Dataset excerpts:
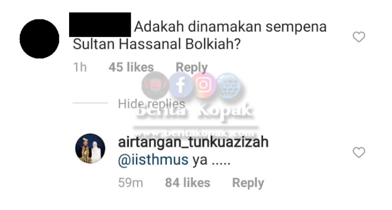 Apa yang lebih menarik perhatian, terdapat satu pers0alan daripada netizen berikutan nama yang diberikan kepada Tengku Hassanal. Seorang netizen bertanya adakah nama Tengku Hassanal diambil daripada nama raja Brunei iaitu Sultan Hassanal B0lkiah. Tengku Azizah menjawab “ya” bagi soalan yang diajukan tersebut.
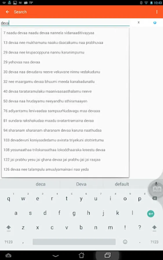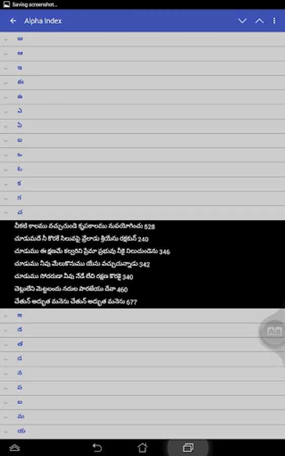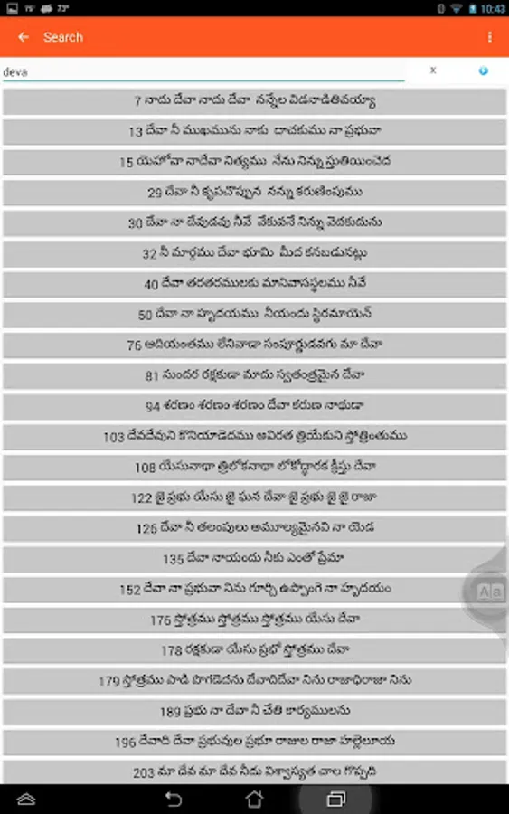 4) Search by song number or Telugu word (example యేసు) in English (example yesu). Search gives results as you type. Scroll through songs to find yours. Minimum two characters needed (example 22 or ye).
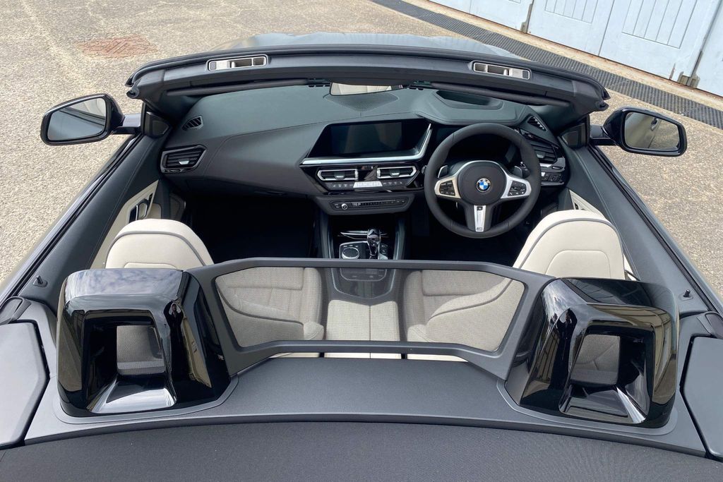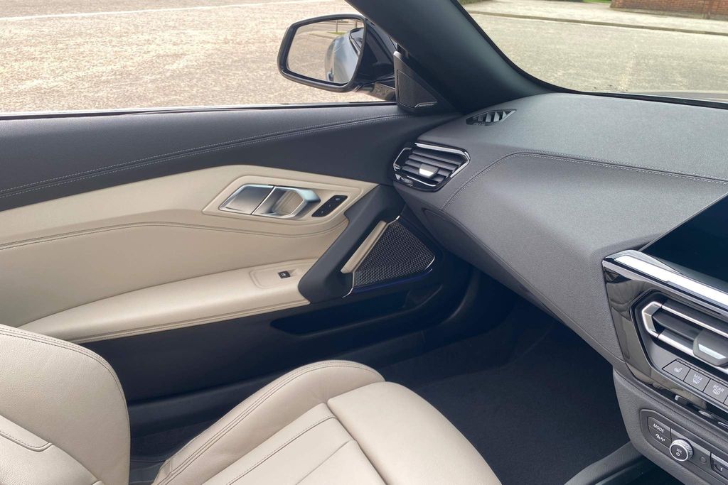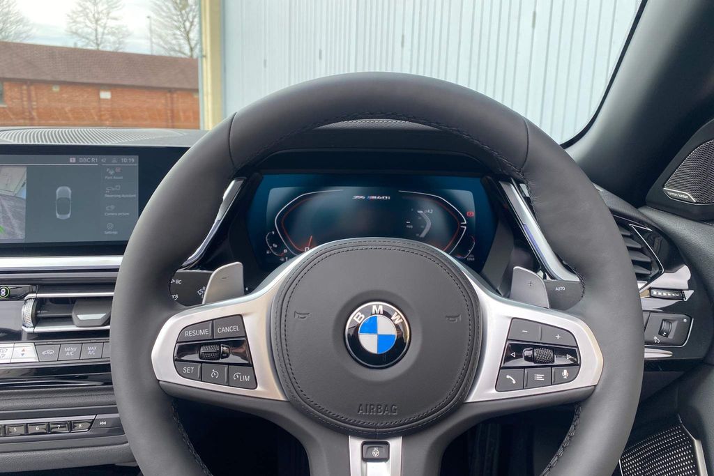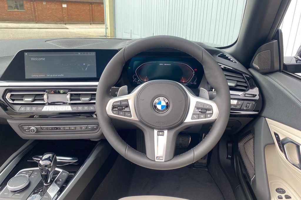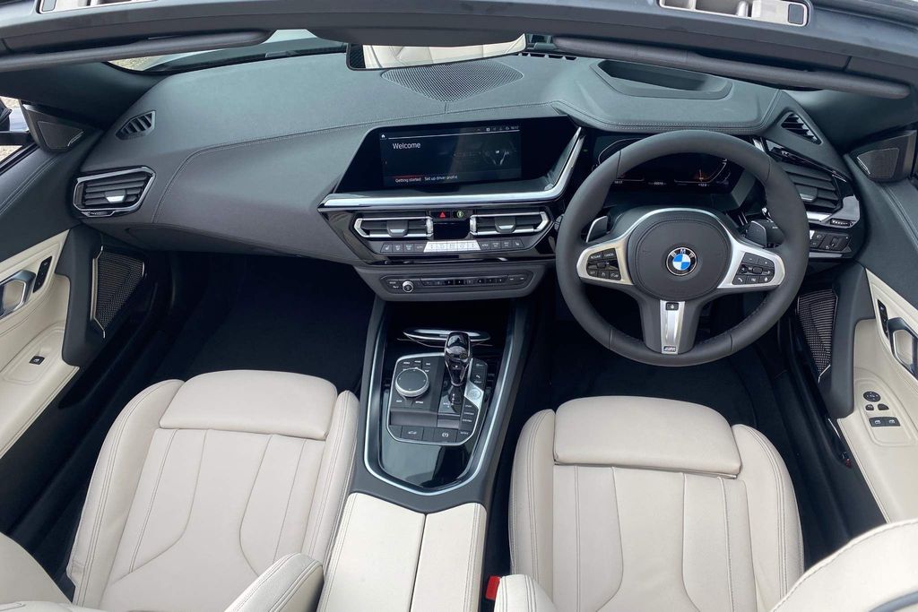 BMW Z4 M40i sDrive 3.0 на 19-дюймовых дисках с V-образными спицами. Аудиосистема Harman Kardon. Ассистент парковки. Камера заднего вида. Ассистент заднего хода. Круиз-контроль. Кнопка Start-Stop с запуском двигателя без ключа Comfort Go. Рулевое колесо с лепестками переключения передач. Подогрев передних сидений.
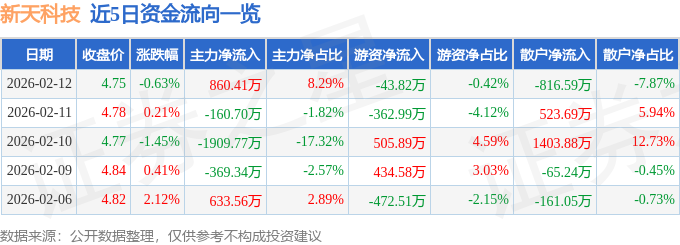 证券之星消息,截至2026年2月12日收盘,新天科技(300259)报收于4.75元,下跌0.63%,换手率1.86%,成交量21.77万手,成交额1.04亿元。
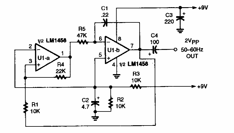 This circuit was found in an old Popular Electronics. The integrated circuit is equivalent to a double 741. The source does not have to be symmetrical.
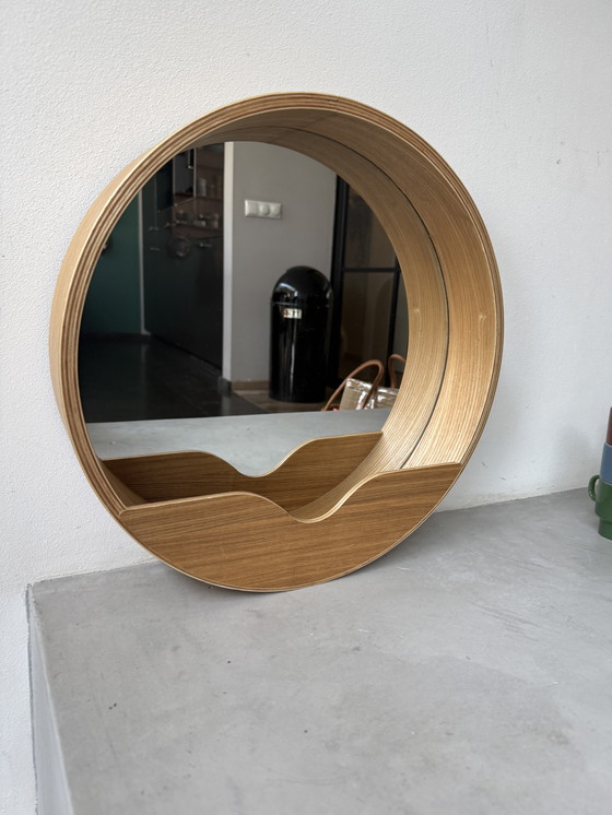 Elegante espejo de pared redondo de la marca de diseño holandesa Zuiver. El marco está fabricado en madera contrachapada con chapa de roble, lo que le confiere un carácter natural y atemporal. El ingenioso compartimento ondulado en la parte inferior ofrece espacio suficiente para pequeños objetos como pintalabios, un peine o las llaves.
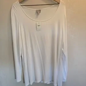 Keywords: J.Jill, Women's, White, Long Sleeve, Top, Tunic, Scoop Neck, Stretch, Comfortable, Versatile, Wardrobe Staple, Layering, Casual, Basic, New with Tags
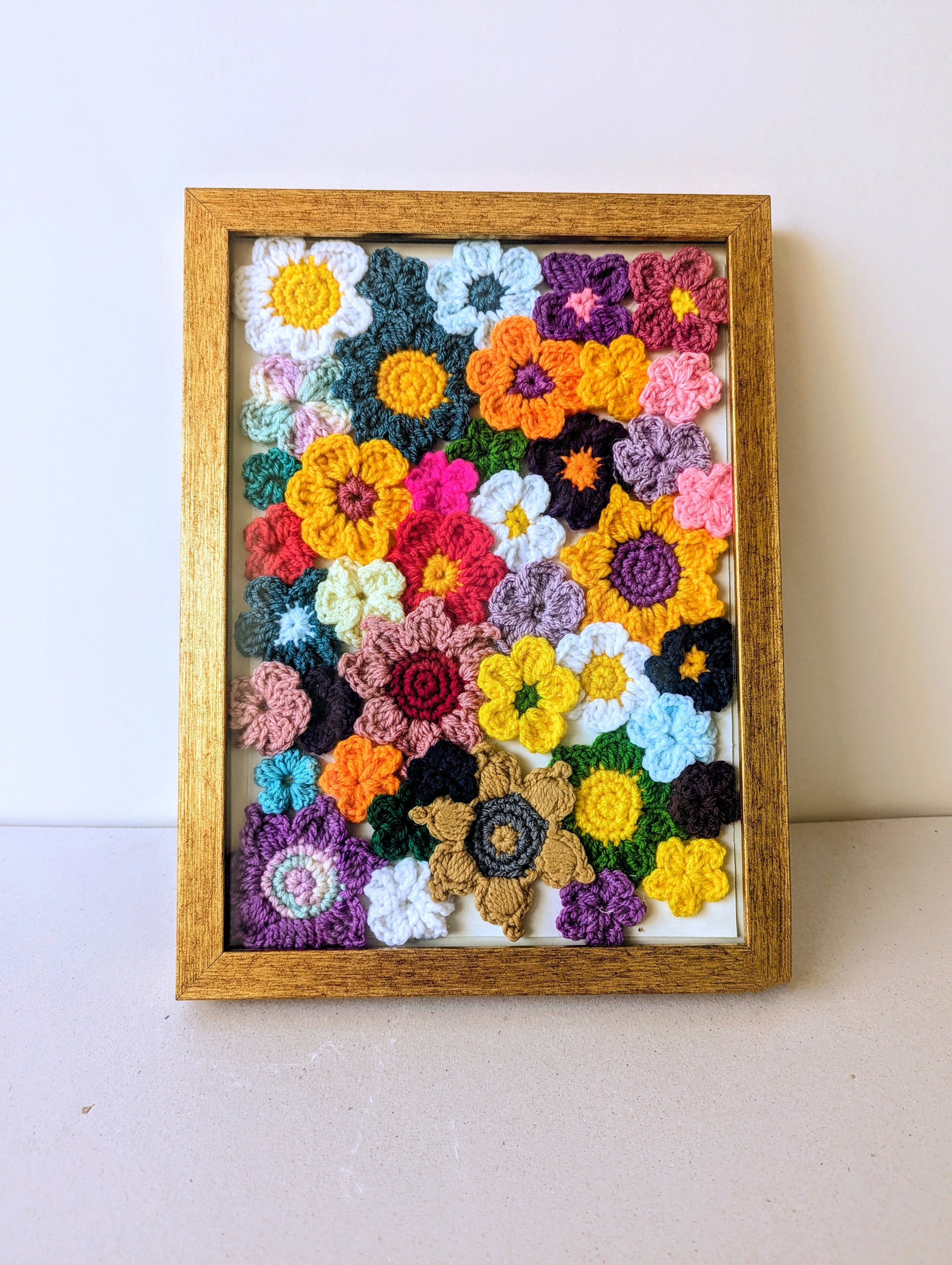 A timeless piece of handmade art — The Bloom Frame showcases delicately crocheted flowers arranged inside a clean, modern frame. Made entirely by hand, it adds a soft, natural touch to your décor while celebrating the art of crochet.

Directions:
Without the pictures, give every line of the data again, exactly as written.

Exercise response:
 Apa yang lebih menarik perhatian, terdapat satu pers0alan daripada netizen berikutan nama yang diberikan kepada Tengku Hassanal. Seorang netizen bertanya adakah nama Tengku Hassanal diambil daripada nama raja Brunei iaitu Sultan Hassanal B0lkiah. Tengku Azizah menjawab “ya” bagi soalan yang diajukan tersebut.
 4) Search by song number or Telugu word (example యేసు) in English (example yesu). Search gives results as you type. Scroll through songs to find yours. Minimum two characters needed (example 22 or ye).
 BMW Z4 M40i sDrive 3.0 на 19-дюймовых дисках с V-образными спицами. Аудиосистема Harman Kardon. Ассистент парковки. Камера заднего вида. Ассистент заднего хода. Круиз-контроль. Кнопка Start-Stop с запуском двигателя без ключа Comfort Go. Рулевое колесо с лепестками переключения передач. Подогрев передних сидений.
 证券之星消息,截至2026年2月12日收盘,新天科技(300259)报收于4.75元,下跌0.63%,换手率1.86%,成交量21.77万手,成交额1.04亿元。
 This circuit was found in an old Popular Electronics. The integrated circuit is equivalent to a double 741. The source does not have to be symmetrical.
 Elegante espejo de pared redondo de la marca de diseño holandesa Zuiver. El marco está fabricado en madera contrachapada con chapa de roble, lo que le confiere un carácter natural y atemporal. El ingenioso compartimento ondulado en la parte inferior ofrece espacio suficiente para pequeños objetos como pintalabios, un peine o las llaves.
 Keywords: J.Jill, Women's, White, Long Sleeve, Top, Tunic, Scoop Neck, Stretch, Comfortable, Versatile, Wardrobe Staple, Layering, Casual, Basic, New with Tags
 A timeless piece of handmade art — The Bloom Frame showcases delicately crocheted flowers arranged inside a clean, modern frame. Made entirely by hand, it adds a soft, natural touch to your décor while celebrating the art of crochet.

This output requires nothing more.